:: PROVIDED RECORDS ::
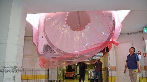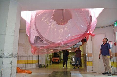 7,5 Tonnen hängen an der Kette. Vorsichtig bewegt der Mann im Führerhaus des Autokrans das 1,5 Millionen Euro teure Gerät abwärts. Mit ruhiger Hand manövriert er den brandneuen Magnetresonanztomografen durch eine extra dafür geöffnete Deckenplatte in den neuen Untersuchungsraum an der Klinik Hohe Warte. Es klappt. Maßarbeit. Und Aufatmen bei allen Beteiligten.
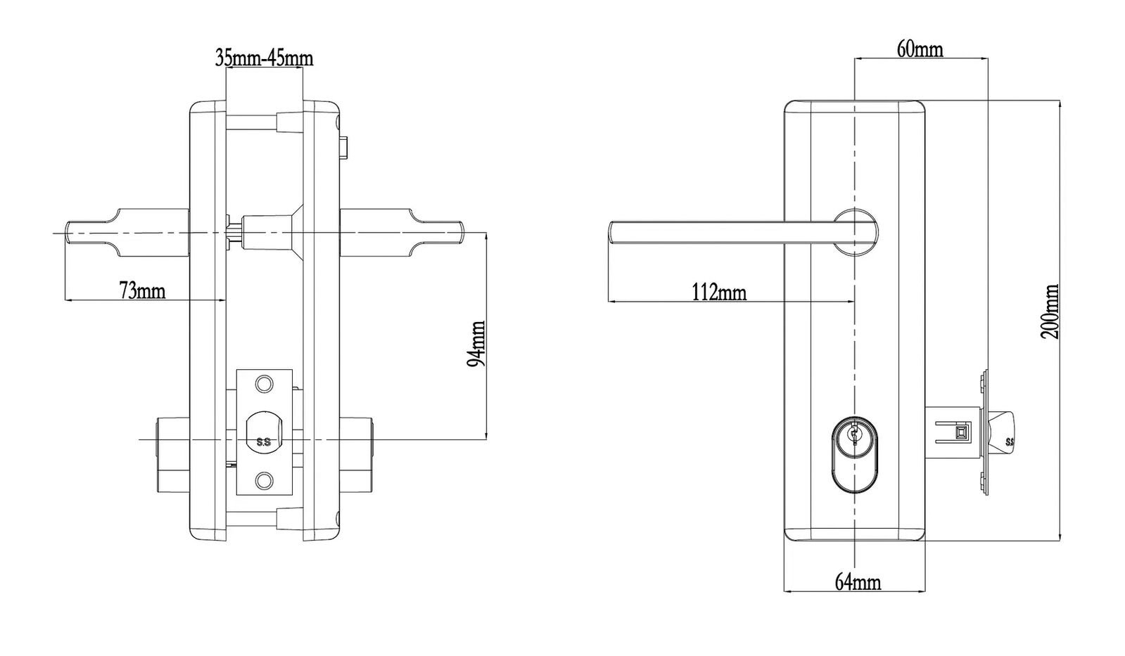 Door Thickness: 35mm - 45mm
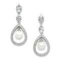 These Mariell clip-on earrings feature CZ clusters with a unique pavé caged pearl drop for a contemporary wedding or special occasion look. Plated in rich silver rhodium, these earrings measure 1 3/4" h with a soft creme pearl
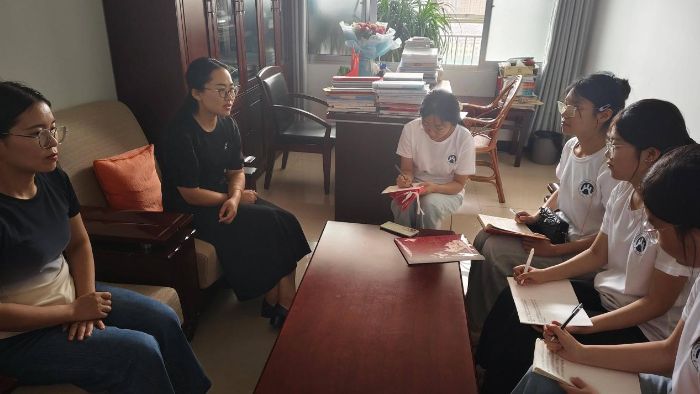 图2团队成员与蒙阴县政府工作人员交谈 通讯员贾思雨摄
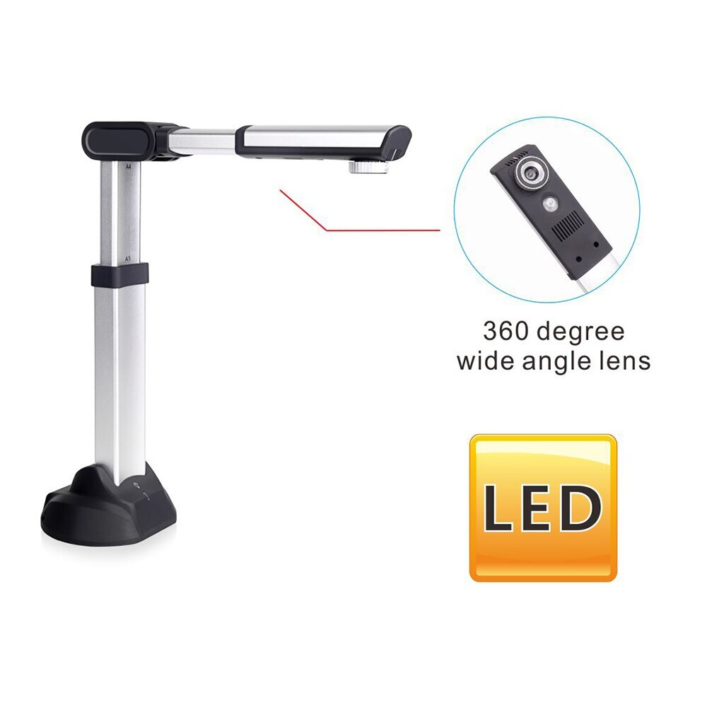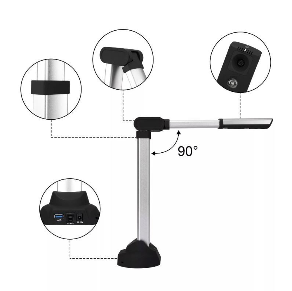 Документ-камера с разрешением 4416×3312, 15 Мп матрицей, рабочей областью захвата A3 и складным штативом.
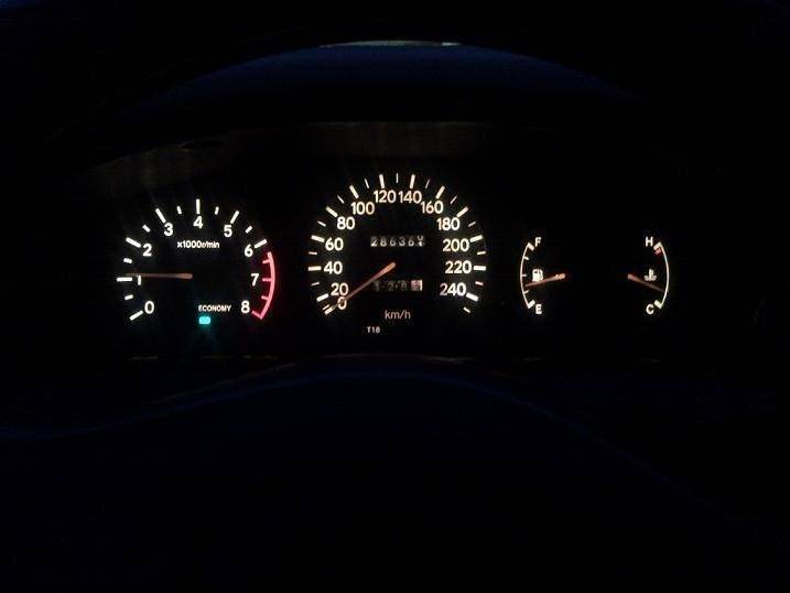 После долгих мучений с пайкой светодиодов нашел в магазине светодиодные лампы с мет. цоколем по 30 руб. (фото выложу позднее), отпаяв цоколь, с помощью термоусадки сделал "бесцокольный цоколь" а в верхней части тахометра и спидометра дополнительно сделал подсветку из обычных сверхярких светиков для обеспечения равномерности. После этого купил светодиодную ленту, долго и мучительно спаивал цепочку из нее, но в конечном итоге разочаровался, т.к. для внедрения этой цепочки пришлось бы городить колхоз в приборке, стрелки не подсвечиваются (они светятся только если направить свет в световод, там где вставляются лампочки) ну и третье это то, что заменить сгоревший светик проще, чем переделывать весь огород из светодиодной ленты, а равномерность свечения не намного лучше.
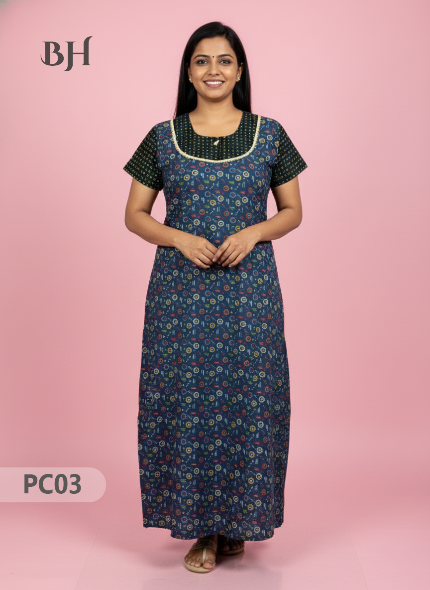 Cotton Printed Nighties | Comfortable Free Size Nightwear for Women
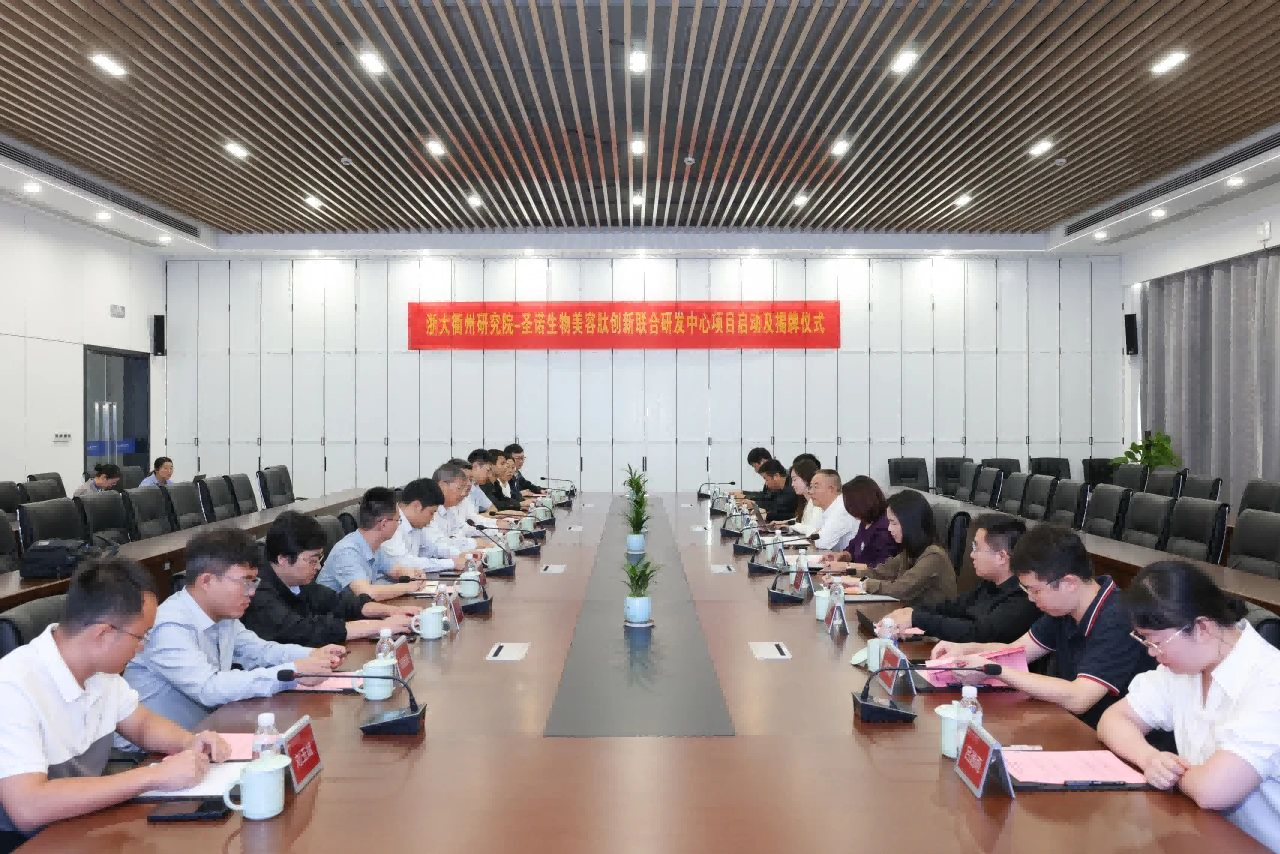 2024年10月14日,“浙江大學(xué)衢州研究院-圣諾生物美容肽創(chuàng)新聯(lián)合研發(fā)中心” 項(xiàng)目啟動(dòng)及揭牌儀式在浙江大學(xué)衢州常山港院區(qū)隆重舉行。
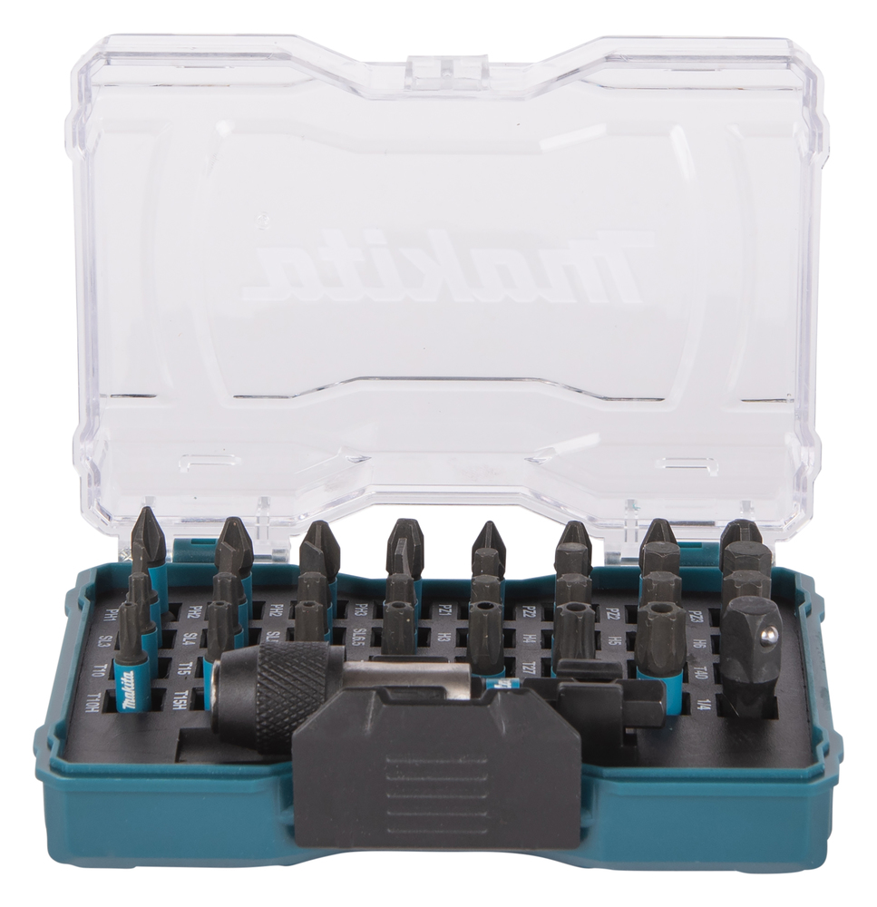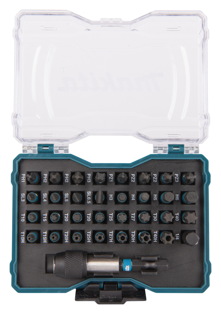 Set Contains: PH1, 2x PH2, PH3, PZ1, 2x PZ2, PZ3, SL3, SL4, SL5, SL6.5, T10, T15, 2x T20, T25, T27, T30, T40, T10H, T15H, T20H, T25H, T27H, T30H, T40H, H3, H4, H5, H6, 1/4″ Hex Socket Adaptor 25mm, 1/4″ Hex Sleeve Chuck Bit Holder 60mm
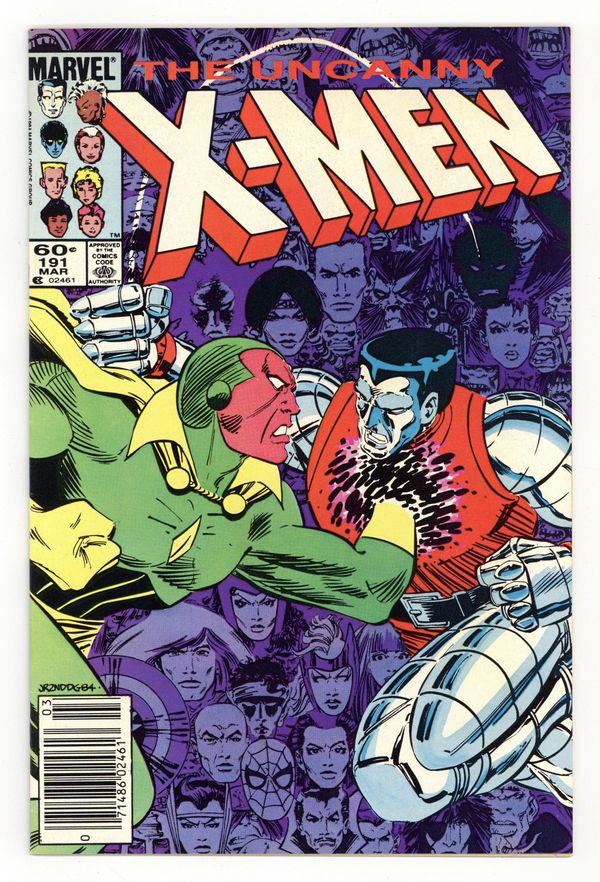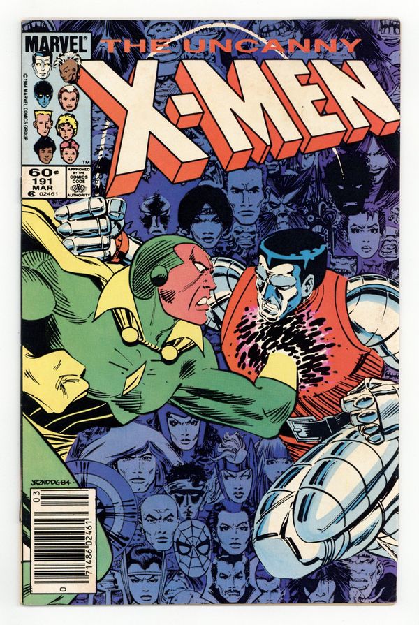 Newsstand Edition. "Raiders of the Lost Temple!" Part 2 of 2. Guest-starring the Avengers, the New Mutants, Doctor Strange, and Spider-Man. Story by Chris Claremont. Art by John Romita, Jr. and Dan Green. The X-Men, Avengers, and New Mutants must unite and defeat some of their own to stop the sinister warlock Kulan Gath before his dark magic encompasses the Earth, turning everything into a fantasy world of sword and sorcery. The key to victory lies with the man known as the Spider! Plus, a mysterious new threat arrives from the future. NOTE: 1st appearance of Nimrod. 36 pgs. Cover price $0.60.
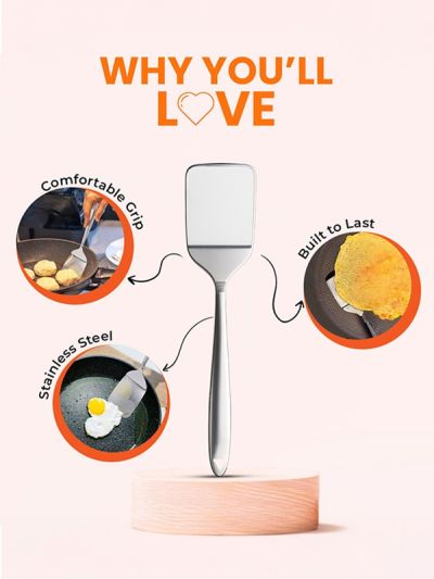 HABITAT Basic SMART Newport Turner is a versatile kitchen utensil designed for flipping, turning, and serving foods like pancakes, burgers, and grilled items with ease. Made from durable, heat-resistant materials, it ensures long-lasting performance and safe use on all types of cookware. The ergonomic handle provides a comfortable, secure, and non-slip grip, making cooking effortless and precise. Practical, reliable, and essential, this turner is a must-have tool for every kitchen.
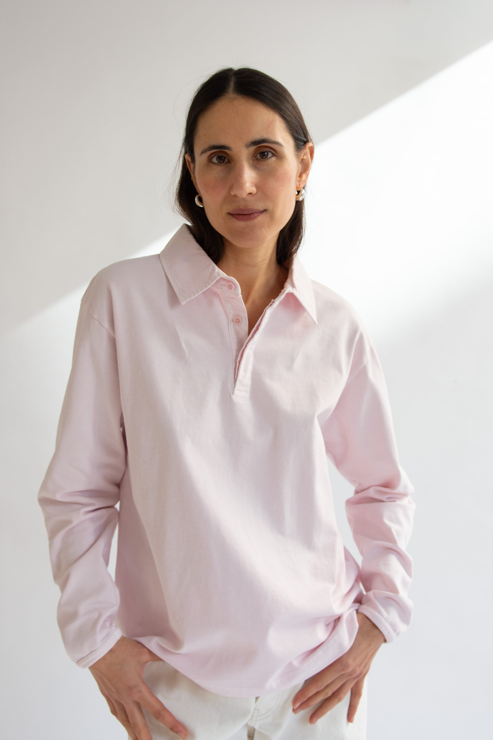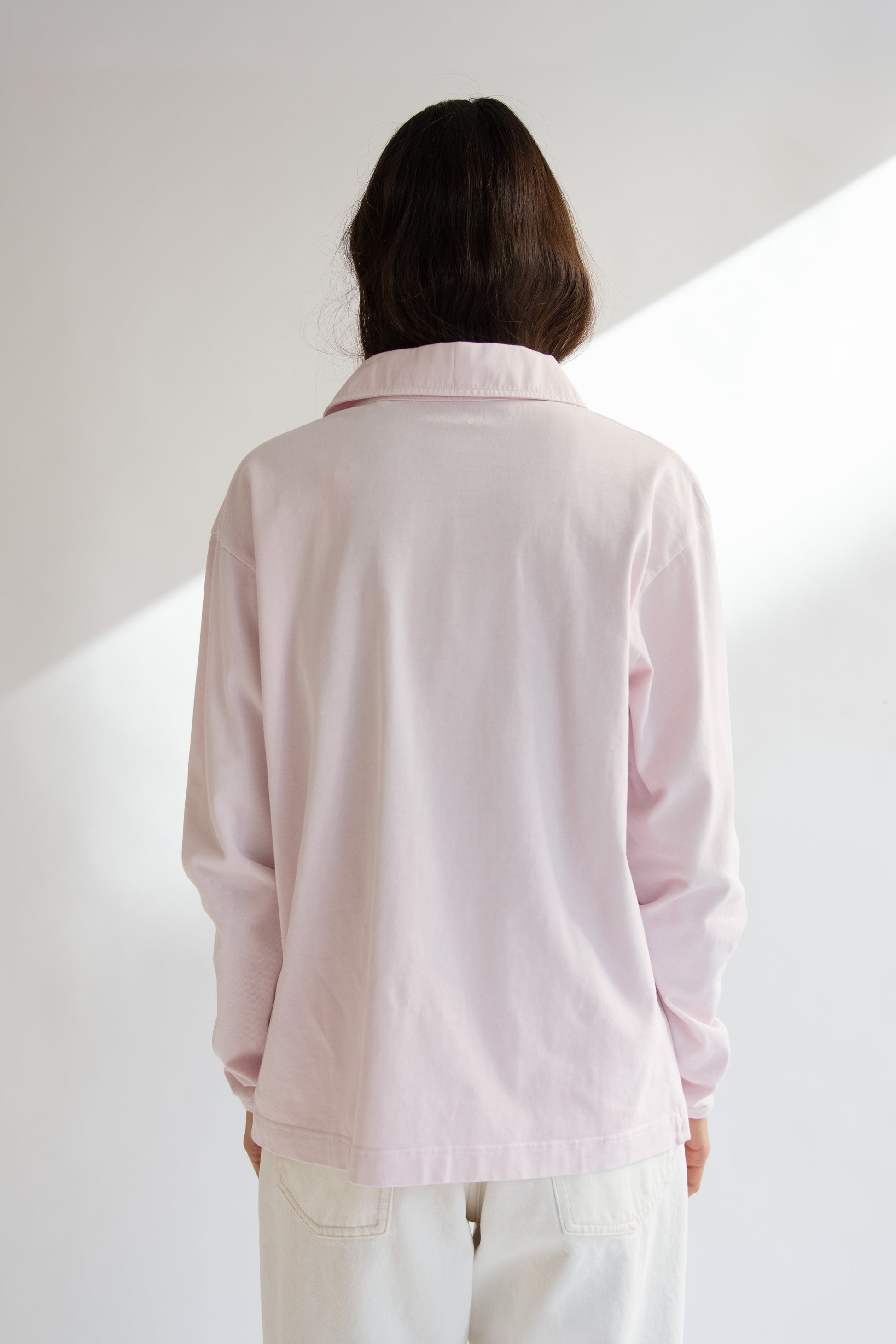 Polo shirt in pink heavy cotton jersey. Poplin collar. Placket with corozo button closure. Long sleeves with ribbed cuffs. Slits a hem side. Garment dyed and washed. Relaxed fit.
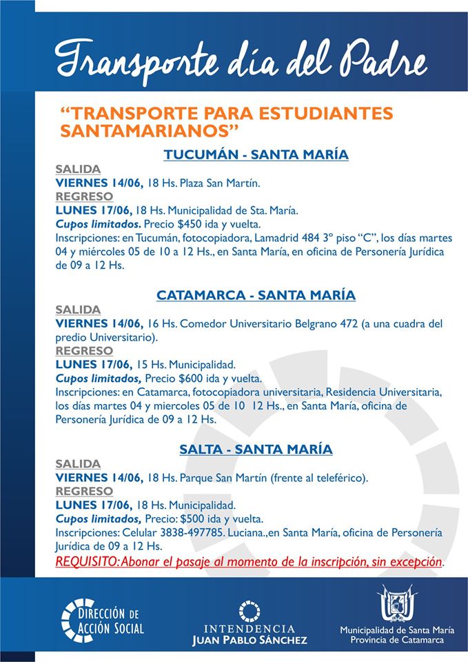 Para el fin de semana en que se celebrará el Día del Padre, el Municipio de Santa María dispondrá de ómnibus para el traslado de Estudiantes en otras provincias. Con un costo mínimo, los jóvenes podrán venir y disfrutar con su familia este importante día.
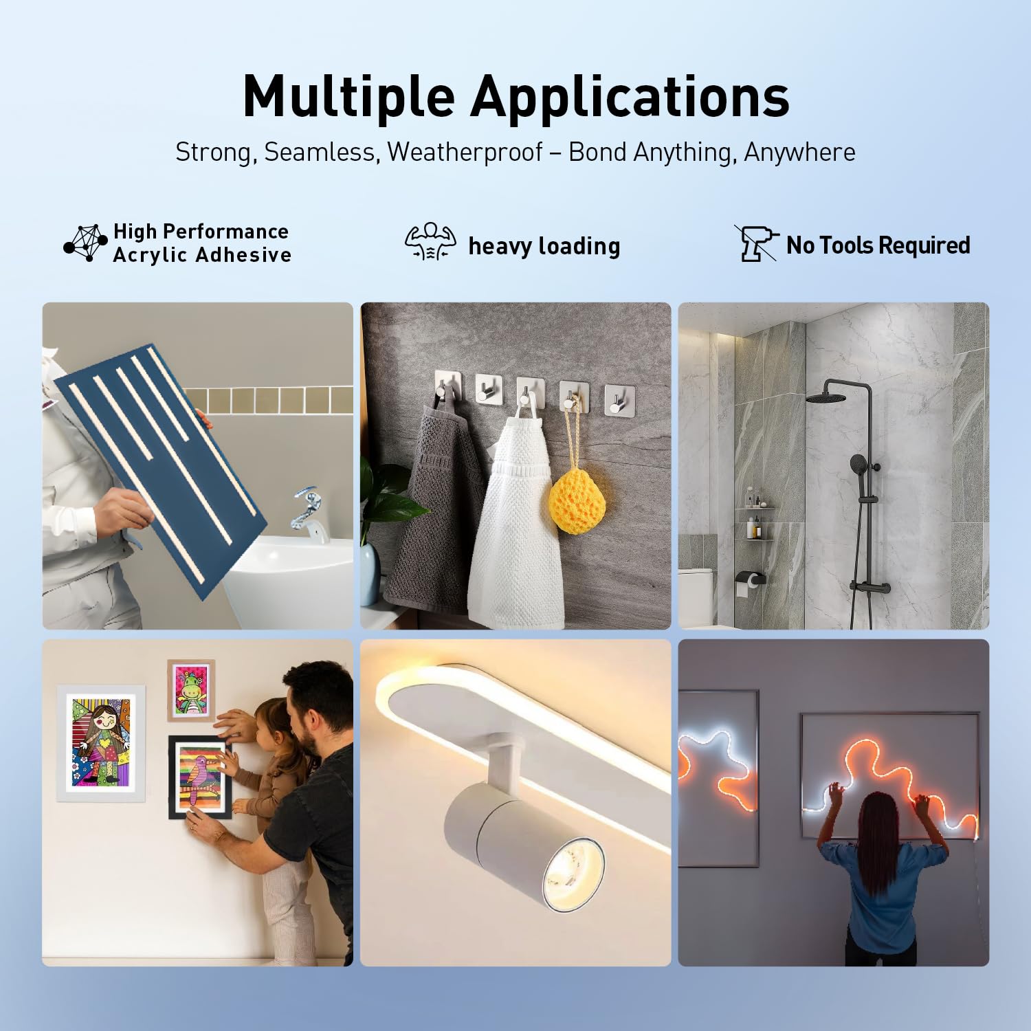 - APPLICABLE SURFACES: Double Sided Foam Tape bonds effectively with various substrates, including aluminum, steel, glass, marble, tile, textured objects, plastics, and hardwoods. However, it’s NOT SUITABLE for painted dry walls, as it may remove wall paint upon removal. Its unique viscoelastic properties provide strong adhesion to both high and low surface energy materials, making it ideal for diverse projects.
:::
- WHAT YOU SHOULD DO:
Every line above from the one with "Cotton Printed Nighties" down to the one with "Set Contains: PH1, 2x" must be written out exactly, and no picture may appear.

- ANSWER FOR THE TASK:
 Cotton Printed Nighties | Comfortable Free Size Nightwear for Women
 2024年10月14日,“浙江大學(xué)衢州研究院-圣諾生物美容肽創(chuàng)新聯(lián)合研發(fā)中心” 項(xiàng)目啟動(dòng)及揭牌儀式在浙江大學(xué)衢州常山港院區(qū)隆重舉行。
 Set Contains: PH1, 2x PH2, PH3, PZ1, 2x PZ2, PZ3, SL3, SL4, SL5, SL6.5, T10, T15, 2x T20, T25, T27, T30, T40, T10H, T15H, T20H, T25H, T27H, T30H, T40H, H3, H4, H5, H6, 1/4″ Hex Socket Adaptor 25mm, 1/4″ Hex Sleeve Chuck Bit Holder 60mm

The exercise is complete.